AIM OF THE TASK:
Keep to one stretch of the data below, the lines from the one with "A bold tribal" up to and including the one with "酒店客房通透又不失私密性,并配有听海落地窗。", and return that stretch exactly.

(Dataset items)
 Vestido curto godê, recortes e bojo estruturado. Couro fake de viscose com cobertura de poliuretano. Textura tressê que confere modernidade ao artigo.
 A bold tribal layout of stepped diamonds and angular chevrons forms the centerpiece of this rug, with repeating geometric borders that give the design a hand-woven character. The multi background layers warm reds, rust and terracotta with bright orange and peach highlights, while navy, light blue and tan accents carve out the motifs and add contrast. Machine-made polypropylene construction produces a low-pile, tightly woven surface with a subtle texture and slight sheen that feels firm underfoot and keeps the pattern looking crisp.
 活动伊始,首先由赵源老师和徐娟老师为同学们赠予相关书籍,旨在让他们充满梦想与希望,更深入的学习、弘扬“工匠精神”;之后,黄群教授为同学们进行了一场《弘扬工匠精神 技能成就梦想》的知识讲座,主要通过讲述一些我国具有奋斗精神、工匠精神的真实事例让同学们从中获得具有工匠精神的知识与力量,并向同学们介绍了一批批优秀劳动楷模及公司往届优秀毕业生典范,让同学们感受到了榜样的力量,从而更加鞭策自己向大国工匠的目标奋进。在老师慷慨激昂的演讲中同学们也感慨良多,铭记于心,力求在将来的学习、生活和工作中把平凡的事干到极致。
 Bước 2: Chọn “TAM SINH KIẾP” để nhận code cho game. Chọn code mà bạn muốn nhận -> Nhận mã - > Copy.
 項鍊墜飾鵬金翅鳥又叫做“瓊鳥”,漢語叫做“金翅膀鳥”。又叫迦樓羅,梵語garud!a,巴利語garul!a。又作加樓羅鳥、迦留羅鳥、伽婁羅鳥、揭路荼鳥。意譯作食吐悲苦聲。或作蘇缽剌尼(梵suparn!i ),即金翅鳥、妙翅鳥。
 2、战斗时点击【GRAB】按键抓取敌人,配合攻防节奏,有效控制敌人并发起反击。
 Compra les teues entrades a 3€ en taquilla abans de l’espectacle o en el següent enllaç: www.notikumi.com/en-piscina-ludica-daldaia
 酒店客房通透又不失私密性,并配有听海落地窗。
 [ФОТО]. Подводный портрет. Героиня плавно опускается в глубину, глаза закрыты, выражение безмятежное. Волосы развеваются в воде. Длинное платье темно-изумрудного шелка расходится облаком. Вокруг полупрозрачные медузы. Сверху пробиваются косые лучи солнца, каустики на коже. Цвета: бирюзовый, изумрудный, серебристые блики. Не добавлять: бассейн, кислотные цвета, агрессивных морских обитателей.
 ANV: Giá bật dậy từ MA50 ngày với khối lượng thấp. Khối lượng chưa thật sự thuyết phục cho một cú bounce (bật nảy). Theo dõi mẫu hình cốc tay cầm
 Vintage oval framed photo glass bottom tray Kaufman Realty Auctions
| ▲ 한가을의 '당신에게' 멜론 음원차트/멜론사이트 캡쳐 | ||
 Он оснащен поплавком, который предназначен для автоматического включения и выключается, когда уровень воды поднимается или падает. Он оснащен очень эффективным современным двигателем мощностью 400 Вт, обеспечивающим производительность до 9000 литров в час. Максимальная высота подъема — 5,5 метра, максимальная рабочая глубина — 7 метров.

EXPECTED ANSWER:
 A bold tribal layout of stepped diamonds and angular chevrons forms the centerpiece of this rug, with repeating geometric borders that give the design a hand-woven character. The multi background layers warm reds, rust and terracotta with bright orange and peach highlights, while navy, light blue and tan accents carve out the motifs and add contrast. Machine-made polypropylene construction produces a low-pile, tightly woven surface with a subtle texture and slight sheen that feels firm underfoot and keeps the pattern looking crisp.
 活动伊始,首先由赵源老师和徐娟老师为同学们赠予相关书籍,旨在让他们充满梦想与希望,更深入的学习、弘扬“工匠精神”;之后,黄群教授为同学们进行了一场《弘扬工匠精神 技能成就梦想》的知识讲座,主要通过讲述一些我国具有奋斗精神、工匠精神的真实事例让同学们从中获得具有工匠精神的知识与力量,并向同学们介绍了一批批优秀劳动楷模及公司往届优秀毕业生典范,让同学们感受到了榜样的力量,从而更加鞭策自己向大国工匠的目标奋进。在老师慷慨激昂的演讲中同学们也感慨良多,铭记于心,力求在将来的学习、生活和工作中把平凡的事干到极致。
 Bước 2: Chọn “TAM SINH KIẾP” để nhận code cho game. Chọn code mà bạn muốn nhận -> Nhận mã - > Copy.
 項鍊墜飾鵬金翅鳥又叫做“瓊鳥”,漢語叫做“金翅膀鳥”。又叫迦樓羅,梵語garud!a,巴利語garul!a。又作加樓羅鳥、迦留羅鳥、伽婁羅鳥、揭路荼鳥。意譯作食吐悲苦聲。或作蘇缽剌尼(梵suparn!i ),即金翅鳥、妙翅鳥。
 2、战斗时点击【GRAB】按键抓取敌人,配合攻防节奏,有效控制敌人并发起反击。
 Compra les teues entrades a 3€ en taquilla abans de l’espectacle o en el següent enllaç: www.notikumi.com/en-piscina-ludica-daldaia
 酒店客房通透又不失私密性,并配有听海落地窗。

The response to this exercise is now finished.